DATA BLOCK »
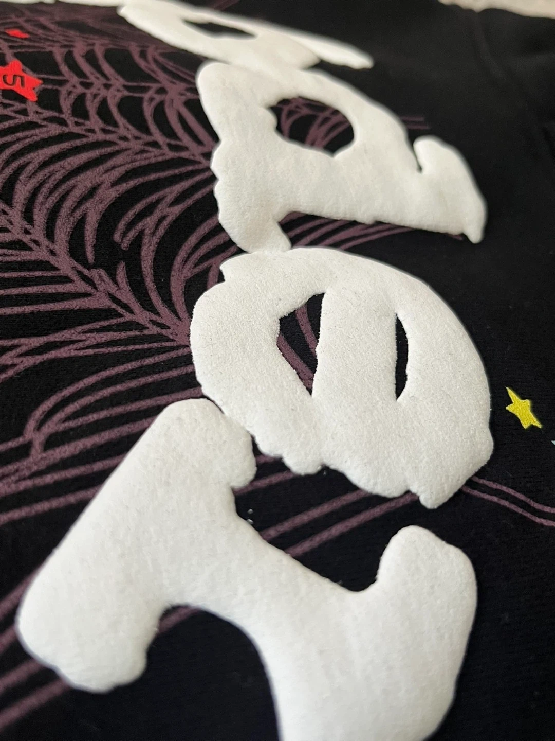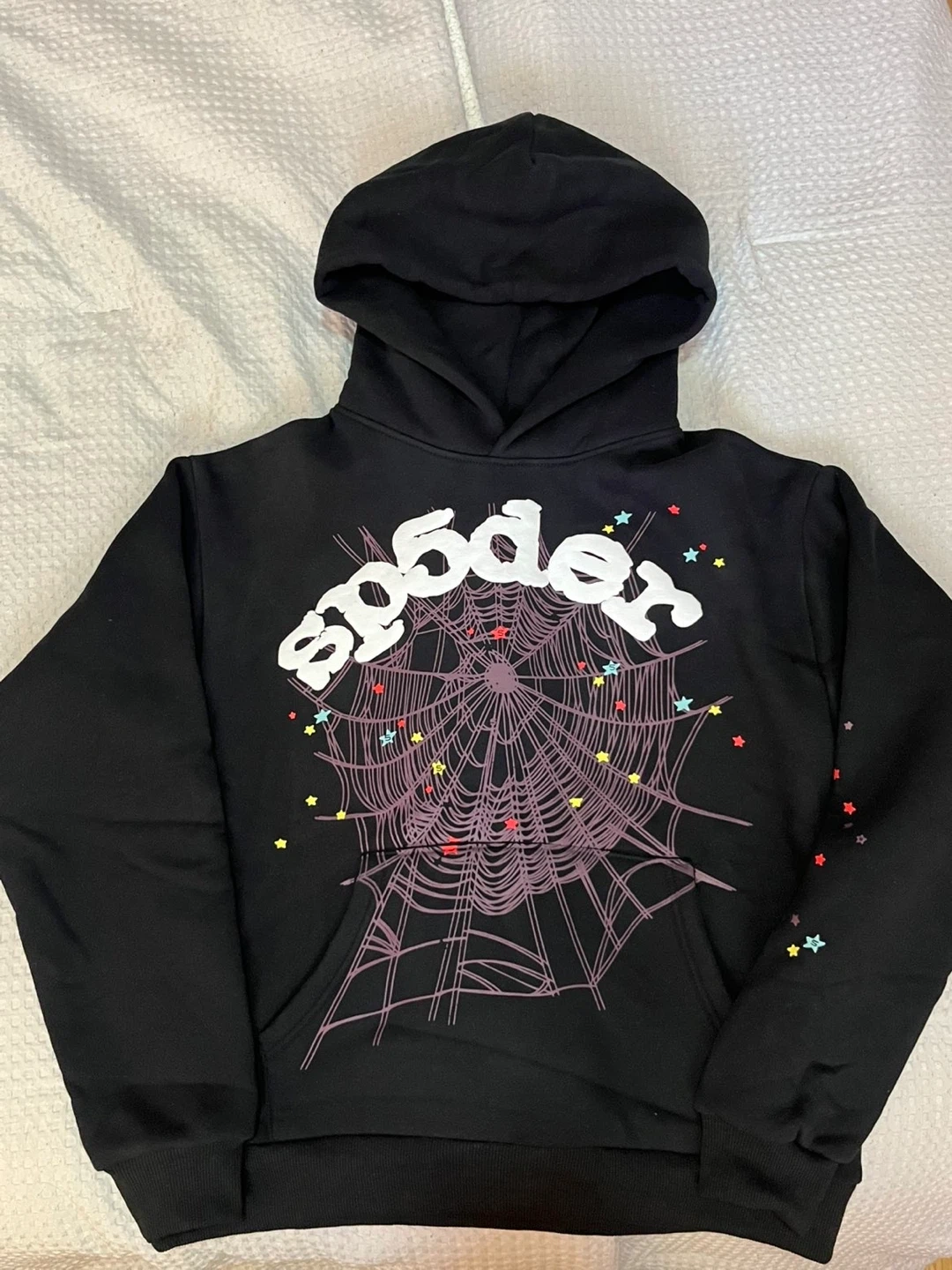Selling a black Sp5der hoodie. Features a spider web design with colourful stars. Great for casual wear!
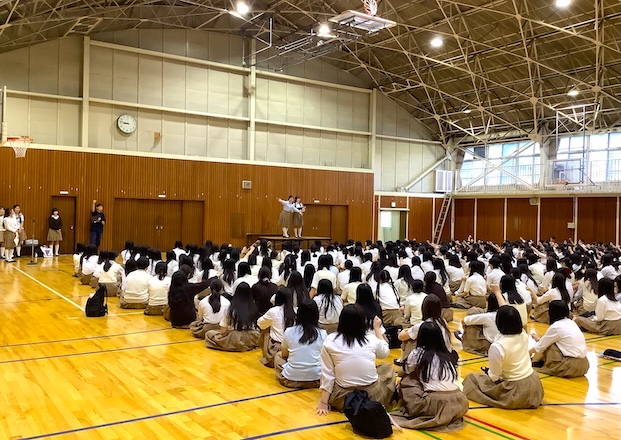 第2体育館での全校朝礼では、聖歌「ごらんよ空の鳥」を歌ったのち、学園祭の無事な開催に向けて全員で「主の祈り」「アヴェ・マリアの祈り」をお唱えしました。
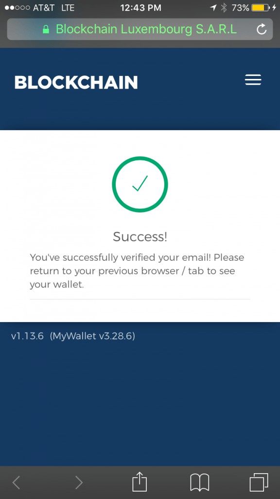 Once you verify your email, Blockchain will notify you by displaying a green check mark and circle followed by the “Success! You’ve successfully verified your email! Please return to your previous browser/tab to see your wallet” message.

DESCRIPTION OF THE TASK »
Hand back the data above exactly, leaving out all pictures.

SOLUTION FOR THIS EXERCISE »
Selling a black Sp5der hoodie. Features a spider web design with colourful stars. Great for casual wear!
 第2体育館での全校朝礼では、聖歌「ごらんよ空の鳥」を歌ったのち、学園祭の無事な開催に向けて全員で「主の祈り」「アヴェ・マリアの祈り」をお唱えしました。
 Once you verify your email, Blockchain will notify you by displaying a green check mark and circle followed by the “Success! You’ve successfully verified your email! Please return to your previous browser/tab to see your wallet” message.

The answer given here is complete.